The upshot, according to DeltaTerra and Hartshorn, is that Klima’s database covers micro data on over 80% of individual mortgages that are securitized in GSE MBS pools, linking that micro data to the macro data pulled from public sources and to the proprietary climate change model embedded in Klima.
Signaling abrupt repricing
DeltaTerra’s Klima model is signaling an “abrupt repricing [very likely in the near future] of real estate properties exposed to acute natural hazards,” and DeltaTerra warns that climate is the most dangerous risk factor the single family mortgage market and the GSE mortgage portfolios currently face.
Klima examines “acute natural hazards” such as wildfires, inland and coastal flooding, as well as greater frequency of extreme weather events, and concludes that large numbers of residential mortgages are in need of “rational repricing” because of failure to properly account for climate change.

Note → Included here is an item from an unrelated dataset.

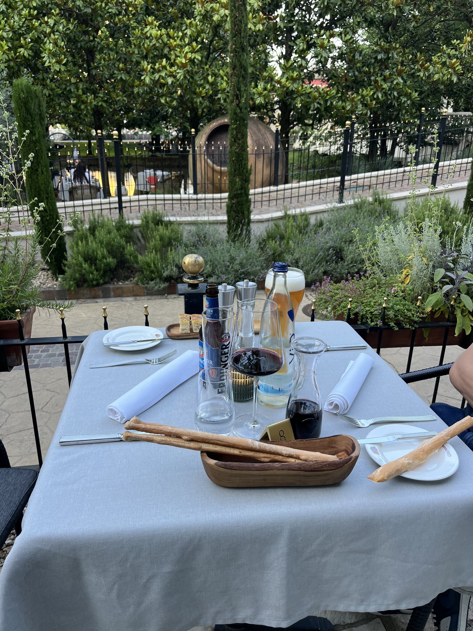 Dazu ein Weissbier und später ein Glas Primitivo, der etwas zu warm war und nicht so überzeugen konnte.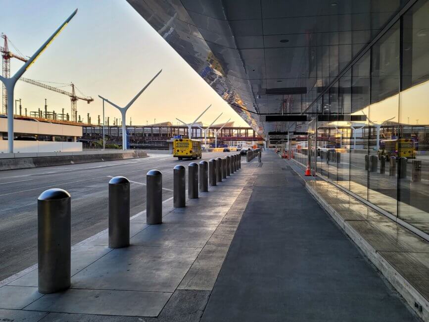 As a departing passenger, you will arrive on the upper level of the Terminal. Passengers will appreciate the wider curb for unloading and getting into a light-filled departure hall. Once the automated people mover system at LAX is completed, passengers arriving via the APM will have a bridge spanning over the upper driveway and connecting near the new headhouse to get to the Check-In counters.

Such a repricing, for example just from flood and wildfire alone, would wipe out as much as $1.9 trillion in real estate value from high climate at risk properties, the effects to begin to be felt over the next two years with market adjustment continuing to work out over a period of perhaps ten years, according to Klima.
A bailout number
In the aggregate, the climate-driven mortgage mispricing will approach the 2008 disaster in its scale, with losses possibly two-thirds as large, DeltaTerra estimates. The “cost” of the 2008 Fannie and Freddie “bailouts” was $189 billion.
Those terms – “cost” and “bailout” – were more often than not used by the press at the time to describe what was really in effect an acquisition, a $189 billion acquisition of the GSEs’ mortgage portfolios by the newly created Federal Housing Finance Authority, FHFA, itself created by Congress to manage the federal government’s “conservatorship” of the GSEs.
The upshot is that the federal government now controls the GSEs, even going so far in recent years as to unilaterally “sweep” GSE books and deposit the proceeds at the Treasury.
A week ago, in a complete victory for the federal government, the Supreme Court ruled that the federal government had the right to “sweep” GSE books and that the five-year term of the FHFA chief is at the discretion of the president, striking down the part of law creating the FHFA that stipulated once an FHFA chief is appointed his five year term cannot be interrupted, not even by the president.
The FHFA acquired the conservatorship of GSE mortgage portfolios at the point of uppermost panic as markets melted down in 2008, so it should come as no surprise that what was widely characterized at the time as a disaster for the taxpayer – thus “cost” and “bailout” – was in reality a financial bonanza.
As it turns out, $189 billion was one of the great bargains of the age. So far in the course of FHFA’s conservatorship, the GSEs have thrown off annual free cash in aggregate totaling a multiple of that $189 billion.
Thus, the GSEs appear to be relatively well capitalized as they face waves of climate driven mortgage repricings. DeltaTerra agrees, pointing out, however, that as climate increasingly stresses the mortgage markets they will be less able to deal with any unforeseen stressor events in the future.